The NSW Police Commissioner, Ken Moroney, has called for security checks on buying a SIM card to be as tight as those around opening a bank account.
Written by Jo Best, Contributor

The NSW Police Commissioner, Ken Moroney, has called for security checks on buying a SIM card to be as tight as those around opening a bank account.

Moroney said that SIM card purchases should be subject to the same 100-point check as bank accounts, where applicants are required to produce identification such as a passport or a birth certificate, in order to help the police trace any criminal activity later associated with the mobile number.

The idea was first proposed at the a meeting of the joint committee on the Australian Crime Commission into the impact of serious organised crime last month, where Moroney told the committee he believes the 100-point check would aid policing.

"It seems that their acquisition, purchase and distribution [is] so [easy] and could be equally as regulated in terms of providing an appropriate means of identification, in terms of the acquisition," Moroney told the ABC, adding that criminal gangs can change their SIM cards several times a day.

In last month's committee hearing, Elizabeth Foulger, Manager, Intelligence, at the Queensland Crime and Misconduct Commission said that SIMs are regularly registered by users in false names as some SIM card sellers do not require identification to activate an account. Foulger added some such resellers have links to organised crime rings.

While the committee is likely to back the introduction of the 100-point check when it reports later this year, such security measures will only prevent accounts being registered in false names: the committee has already acknowledged that there is currently no way to prevent organised crime from carrying out identity theft to generate mobile accounts with the help of corrupt SIM resellers.

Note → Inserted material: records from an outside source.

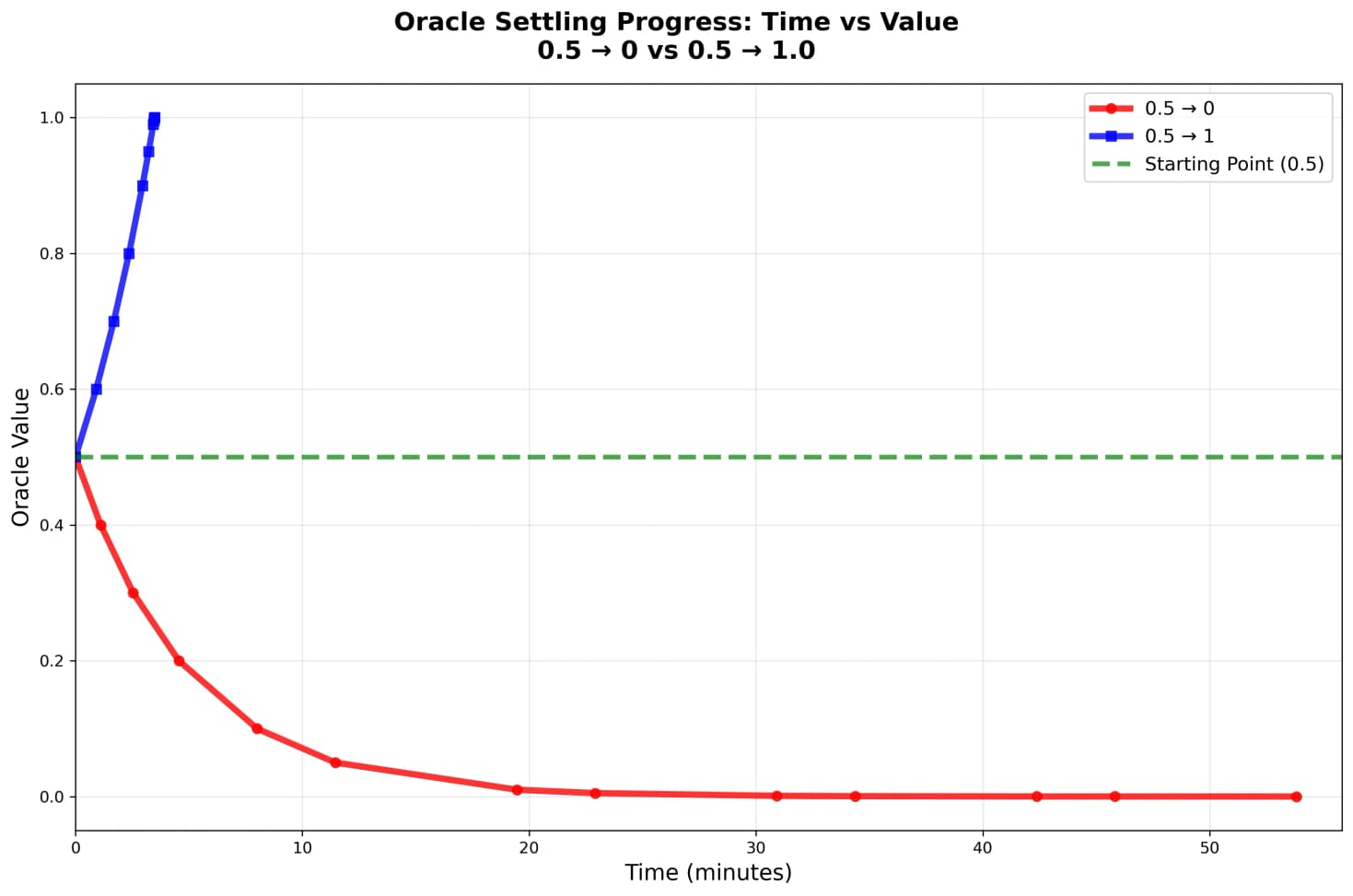 HIP-3(Hyperliquid现有的市场部署规范)限制了价格每tick最多变动1%。这意味着,如果比赛结果确定,价格要从0.5跳到1.0,需要整整50分钟才能完成。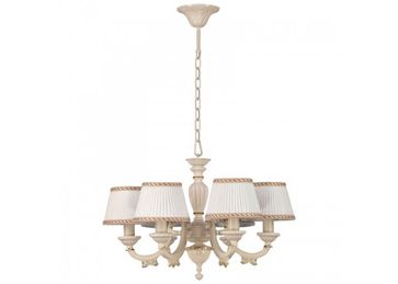 Материал арматуры:Металл, Материал плафона:Текстиль, Цвет арматуры:Белый/Золото, Цвет плафона:Белый, Ширина (Диаметр), см:52, Высота, см:80, Длина, см:52, Площадь освещения, м.кв.:18, Количество ламп, шт:6, Тип цоколя:E14, Мощность, Вт:60W, Коллекция:Ариадна None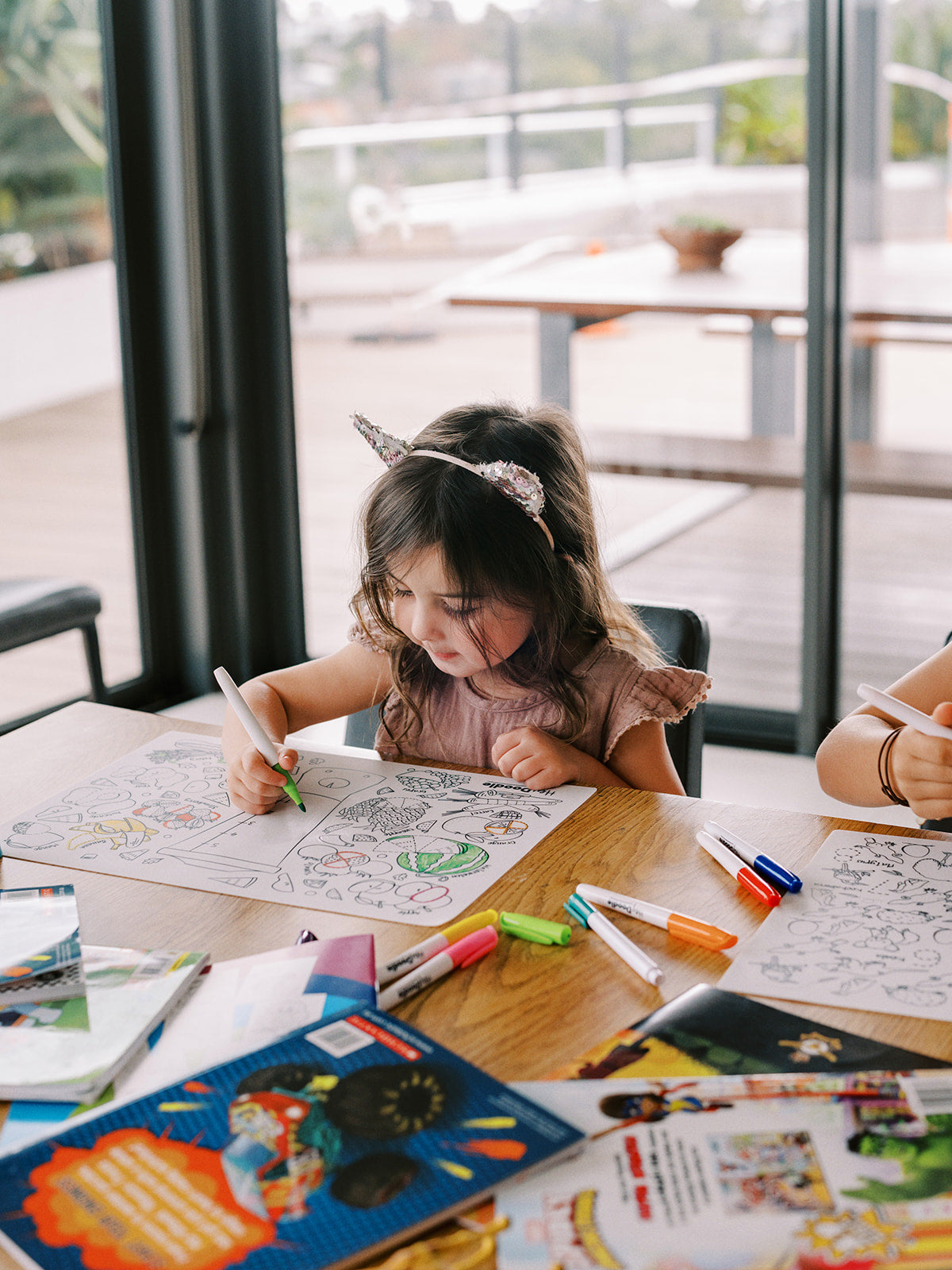 Each mat is thoughtfully designed and features an educational theme (ie letters, farm animals, numbers) so your curious kids can learn as they colour!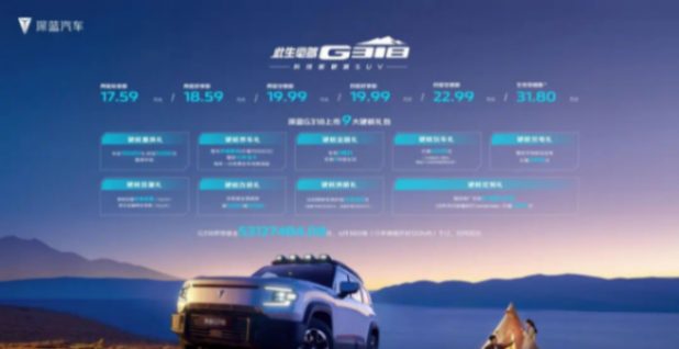 目前,G318已正式上市,價格區間為17.59萬元至22.99萬元。最貴的無憂穿越版售價高達31.8萬元,但仍在開發中。總的來說,G318的競爭力非常強,特別是在新能源越野車市場中,它是一款頗具創新性的新能源越野車,具有引人注目的市場定位。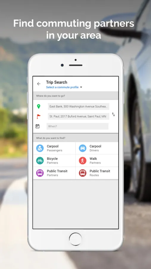 The GopherRideshare platform is a trip planning and commuter-matching service that provides a one-stop-shop trip planning tool for improving your commute to UMN, whether you carpool, vanpool, walk, bike, or take transit. Through GopherRideshare’s easy-to-use interface and mobile app, you can search for all available transportation options for your commute by simply entering an origin and destination.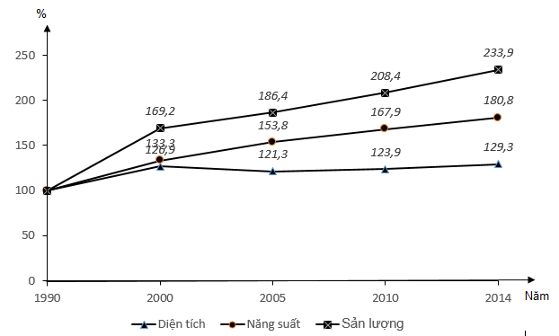 Căn cứ vào biểu đồ, cho biết nhận xét nào sau đây không đúng về tốc độ tăng trưởng diện tích, năng suất và sản lượng lúa của nước ta, giai đoạn 1990-2014?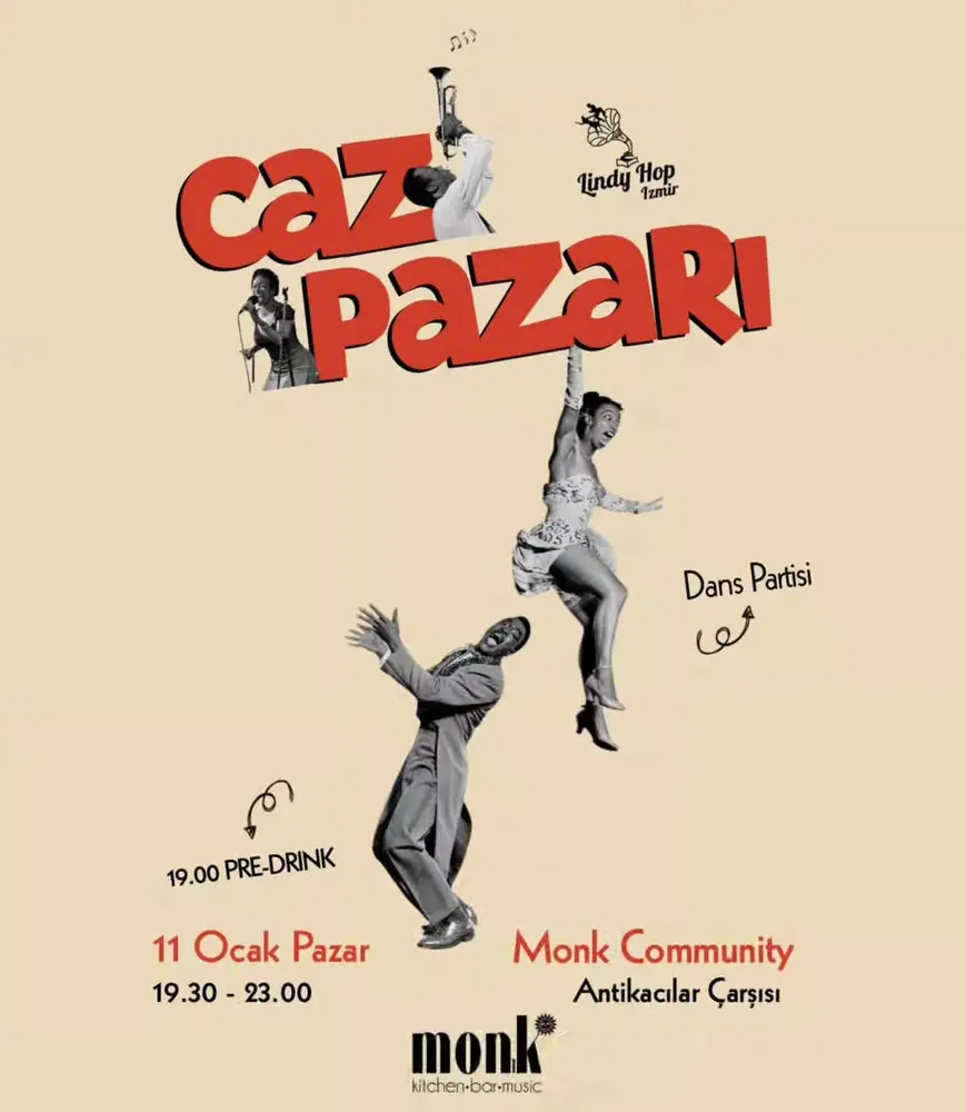 | Etkinlik Konusu | Her pazar “Caz Pazarı” etkinliğimizle Monk’ta buluşuyoruz. Parti öncesi, pre-drink konsepti ile sohbet ve komunite ile kaynaşma elbette. |
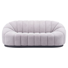 The Bhutan Sofa has a polyester shearling style fabric. This sofa works great in any space, whether it is hospitality or residential. The shape and design are glam, modern, deco, and boho all at the same time.
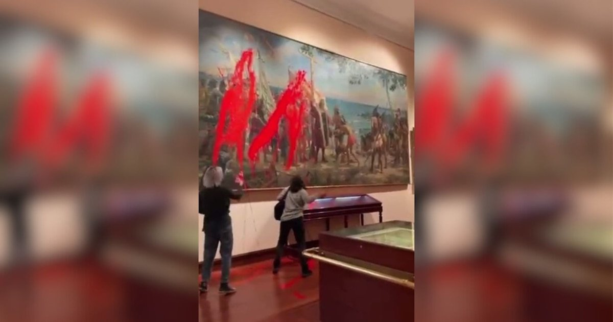 Dois ativistas jogaram uma cor vermelha na pintura de Colombo no Museu Naval de Madrid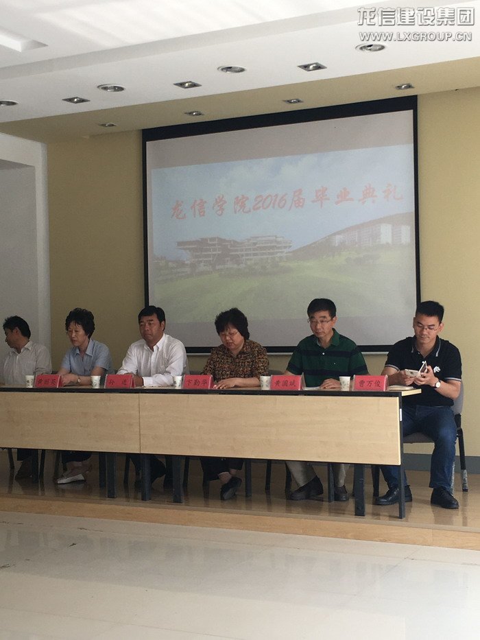 2016年6月7日上午,龍信學院“2+1”模式第二期畢業典禮在江蘇建筑職業技術學院利亞樓報告廳舉行。集團公司工會主席卞勤華、人力資源部黃麗英、江蘇建院校長孫進、建工學院陳年和院長、黨委書記黃國斌等領導和58名2016屆龍信學院畢業生參加典禮。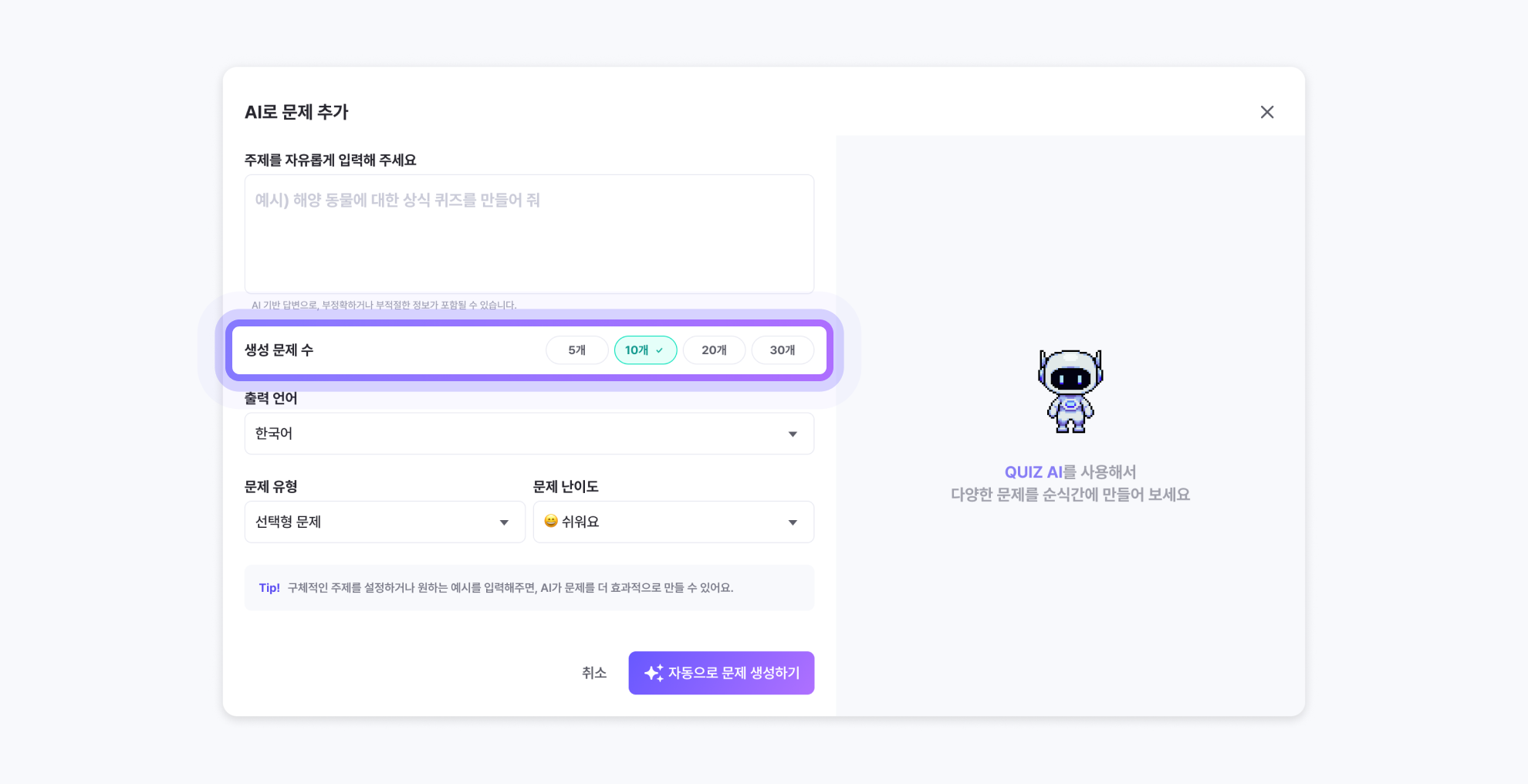 이제 AI 문제 만들기에서 생성할 문제 개수를 직접 선택할 수 있어요!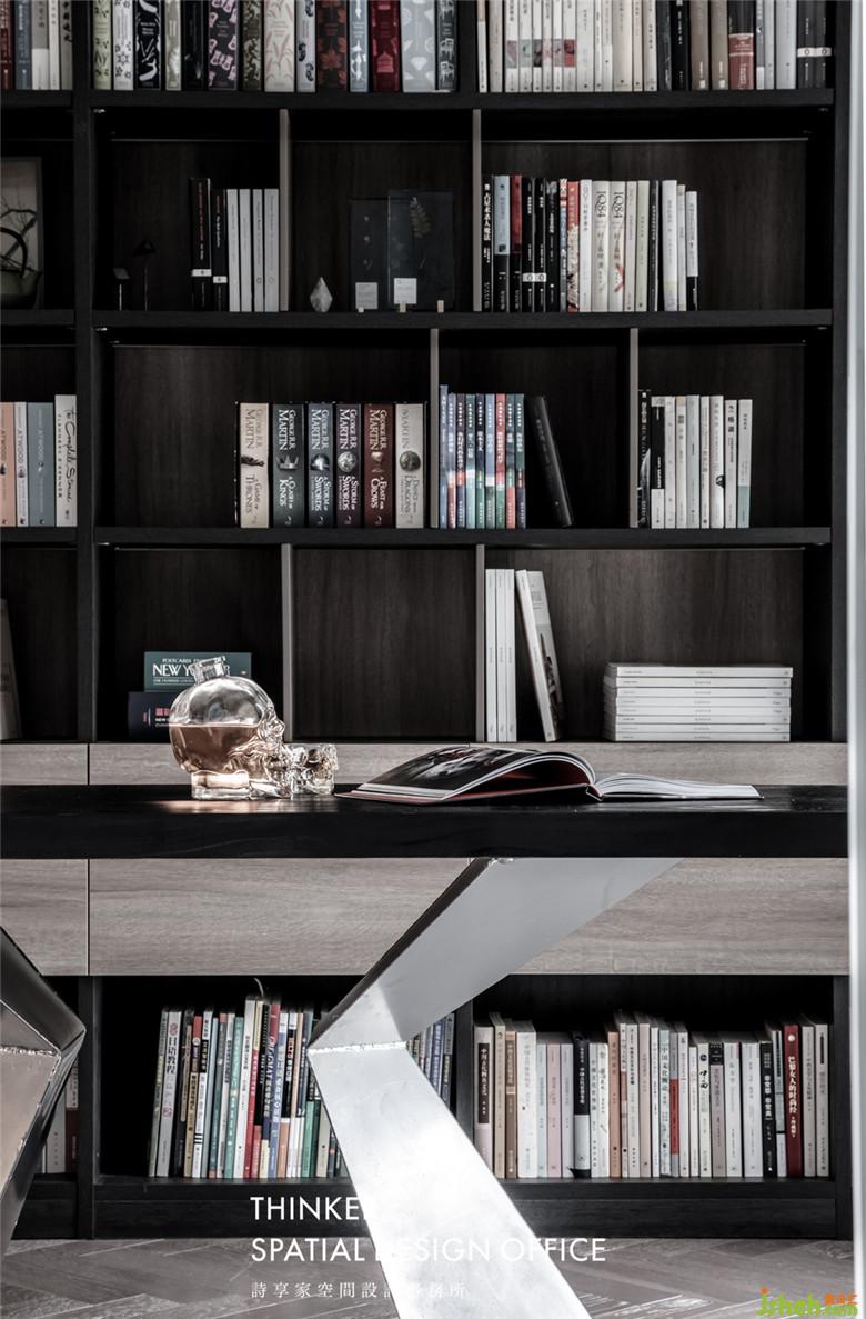 一整面墻的定制書柜是男女主人共同的心頭好,即便如此,書柜也只擺放了他們藏書的一小部分。
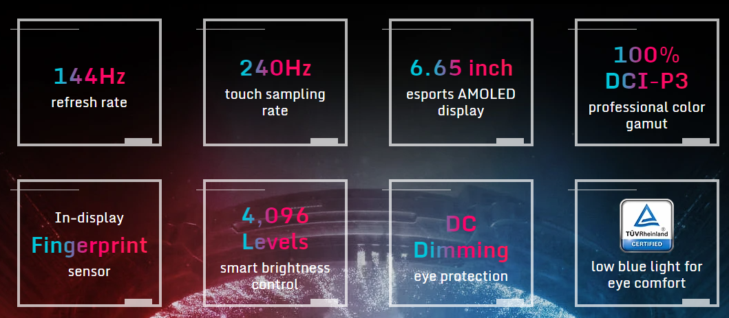 Дисплей смартфона специально разработан для доставки графона в твои глаза. Кроме частоты обновления в 144HZ, в нём улучшена скорость реакции на нажатия (сенсорный слой с частотой обновления 240 Гц), цветопередача и не забыли о защите зрения.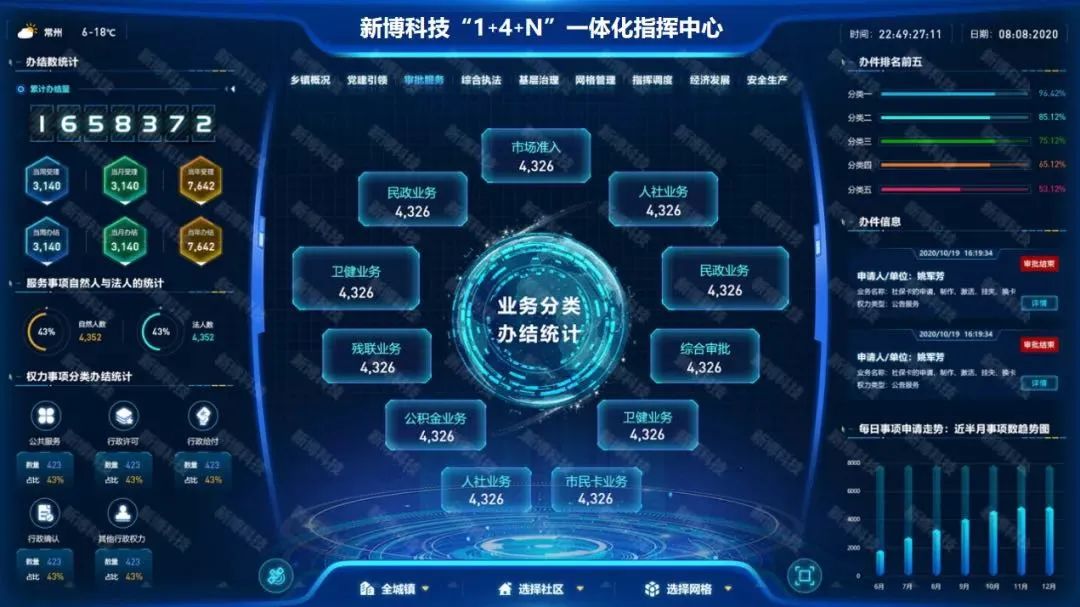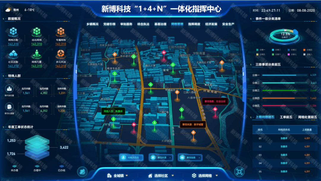 新博科技积极响应,紧跟强镇的一办七局扩权机构改革需求,从智慧镇街综合治理所面临痛点出发,建强处置调度“一个中心”,实现研判分析智能化;健全组织管理“一套机制”,绩效考核高效化;构建社会治理“一张网”,统筹资源一网联动;整合网格力量“一支队伍”,探索网格条线多元化;集成全域GIS分布“一张图”,实现地理信息数字化;集成移动应用“一个终端”,探索服务管理便捷化,形成以“六个一”为抓手,落实基层减负。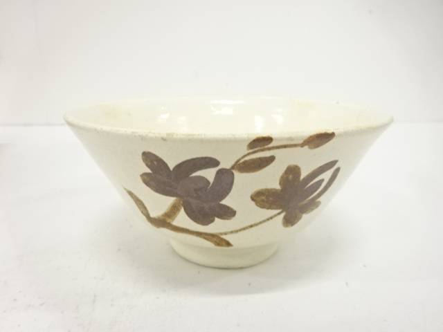 Tea Bowl with Floral Design in Buncheong Ware with Iron Painting — Pre-owned
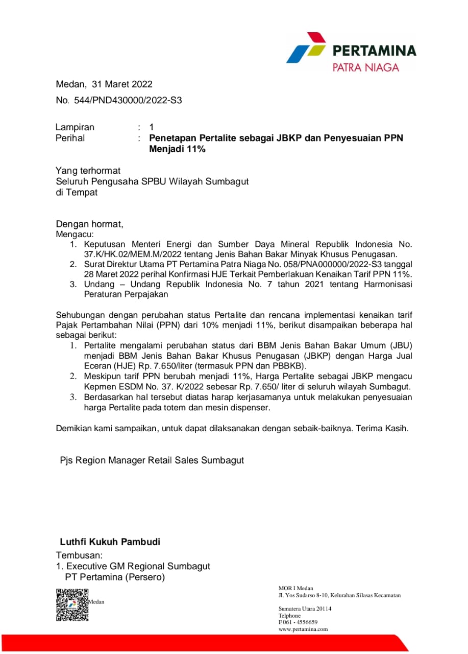 Sehubungan dengan perubahan status Pertalite dan rencana implementasi kenaikan tarif Pajak Pertambahan Nilai (PPN) dari 10% menjadi 11%.

"There are also a number of significant organised crime people with links to the providers of mobile phones, so they are able to get phones using legitimate details. Someone else has connected a phone through that provider, so the organised crime figure is able to come in and use exactly the same details to connect a phone and then continue to use that phone for their purposes. Then it is very hard to track down the actual user of a service."